◆ Provided data ◆
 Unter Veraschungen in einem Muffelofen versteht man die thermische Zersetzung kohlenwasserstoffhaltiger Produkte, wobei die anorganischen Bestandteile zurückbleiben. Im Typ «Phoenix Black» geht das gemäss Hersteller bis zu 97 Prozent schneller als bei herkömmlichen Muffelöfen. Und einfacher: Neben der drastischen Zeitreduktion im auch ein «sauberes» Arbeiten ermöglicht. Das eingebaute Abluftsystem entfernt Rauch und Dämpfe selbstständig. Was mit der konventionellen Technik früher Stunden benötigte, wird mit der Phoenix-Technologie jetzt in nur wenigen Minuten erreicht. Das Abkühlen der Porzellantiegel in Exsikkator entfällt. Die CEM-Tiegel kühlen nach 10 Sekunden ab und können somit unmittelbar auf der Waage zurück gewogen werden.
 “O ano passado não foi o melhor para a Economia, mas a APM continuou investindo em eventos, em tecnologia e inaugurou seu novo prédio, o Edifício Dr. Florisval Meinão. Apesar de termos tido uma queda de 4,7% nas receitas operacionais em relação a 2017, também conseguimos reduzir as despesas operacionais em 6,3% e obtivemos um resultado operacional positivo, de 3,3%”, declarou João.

---

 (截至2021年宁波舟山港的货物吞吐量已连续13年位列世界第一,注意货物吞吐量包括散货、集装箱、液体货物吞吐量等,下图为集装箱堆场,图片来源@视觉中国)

◆ Task brief ◆
Only one stretch of the data above is needed. Restate it word for word, from the line containing "Unter Veraschungen in" through the line containing "ano passado não", both ends included.

◆ Task solution ◆
 Unter Veraschungen in einem Muffelofen versteht man die thermische Zersetzung kohlenwasserstoffhaltiger Produkte, wobei die anorganischen Bestandteile zurückbleiben. Im Typ «Phoenix Black» geht das gemäss Hersteller bis zu 97 Prozent schneller als bei herkömmlichen Muffelöfen. Und einfacher: Neben der drastischen Zeitreduktion im auch ein «sauberes» Arbeiten ermöglicht. Das eingebaute Abluftsystem entfernt Rauch und Dämpfe selbstständig. Was mit der konventionellen Technik früher Stunden benötigte, wird mit der Phoenix-Technologie jetzt in nur wenigen Minuten erreicht. Das Abkühlen der Porzellantiegel in Exsikkator entfällt. Die CEM-Tiegel kühlen nach 10 Sekunden ab und können somit unmittelbar auf der Waage zurück gewogen werden.
 “O ano passado não foi o melhor para a Economia, mas a APM continuou investindo em eventos, em tecnologia e inaugurou seu novo prédio, o Edifício Dr. Florisval Meinão. Apesar de termos tido uma queda de 4,7% nas receitas operacionais em relação a 2017, também conseguimos reduzir as despesas operacionais em 6,3% e obtivemos um resultado operacional positivo, de 3,3%”, declarou João.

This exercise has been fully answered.